Repairing a very unstable server 2003 setup

Collapse
X
  • Filter
  • Time
  • Show
Clear All
new posts

  • Repairing a very unstable server 2003 setup

    Morning all.

    Long story short, for the last 2 weeks our sister company have been without reliable IT facilities. The servers have to either be rebooted, or have services stopped and restarted, every 20 minutes to keep things running. The 2 DCs are running Windows 2003 Standard, and have never had any updates installed. Until recently they were also never shut down. The previous admin told the new guy "don't shut those servers down - bad things happen" and scarpered. Since then, we've been planning a full overhaul of the entire system up there.

    Anyway, we are now being forced to act quickly and as such are planning to do something about this on Monday night. Everything I've read about the errors in question (Userenv 1030 and 105 point to the problem lying with the servers, rather than with AD.

    There are 2 DCs, both run DNS, both are GCs and the FSMO roles are split between them. My plan is as follows:

    1) transfer all FSMO roles to the healthiest server (now known as server A), or seize them if we can't transfer
    2) remove DNS from the other server (server B) and make the necessary changes to reflect that server A is the only DNS
    3) demote server B to a member server, then remove from the domain
    4) disconnect server B from the network, reinstall Windows and updates
    5) join server B to the domain, promote to a DC and GC, install DNS
    6) allow time for replication and configure systems to point to server B as the sole DNS
    7) transfer (or seize) FSMO roles from server A to server B
    remove DNS from server A, demote to a member server and remove from the domain
    9) flatten and reinstall A
    10) join A back to the domain and promote to DC, install DNS, make necessary changes to reflect 2 DNS servers

    I've run through this in a lab setting (albeit with healthy servers) and it's gone fine. If anybody has any thoughts to offer though, please do so.

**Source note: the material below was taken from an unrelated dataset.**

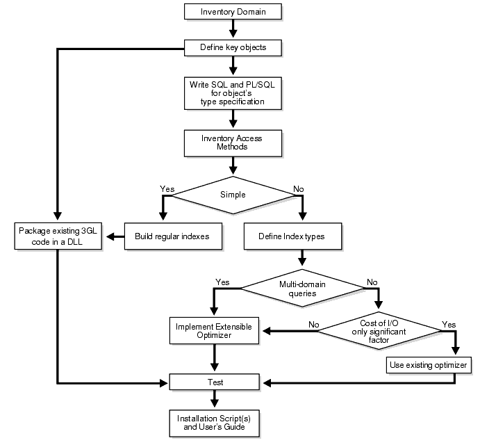 The direction you take at the choice point results from the simplicity or complexity of the access methods you need to deploy, which in turn derives from the nature of the data as represented by columns in the table. If you the methods you need to query your data are relatively simple, you can build regular indexes. By contrast, dealing with complex data means you will need to define complex index types as the basis for making use of Oracle's extensible indexing technology. If you are in addition faced with implementing multi-domain queries, you should choose to make use of Oracle's extensible optimizer technology.

    We are quite prepared to face the possiblity that AD is corrupt - if that is indeed the case then we will rebuild the domain from scratch rather than trying to repair it.
    Attached Files
    Gareth Howells

    BSc (Hons), MBCS, MCP, MCDST, ICCE

    Any advice is given in good faith and without warranty.

    Please give reputation points if somebody has helped you.

    "For by now I could have stretched out my hand and struck you and your people with a plague that would have wiped you off the Earth." (Exodus 9:15) - I could kill you with my thumb.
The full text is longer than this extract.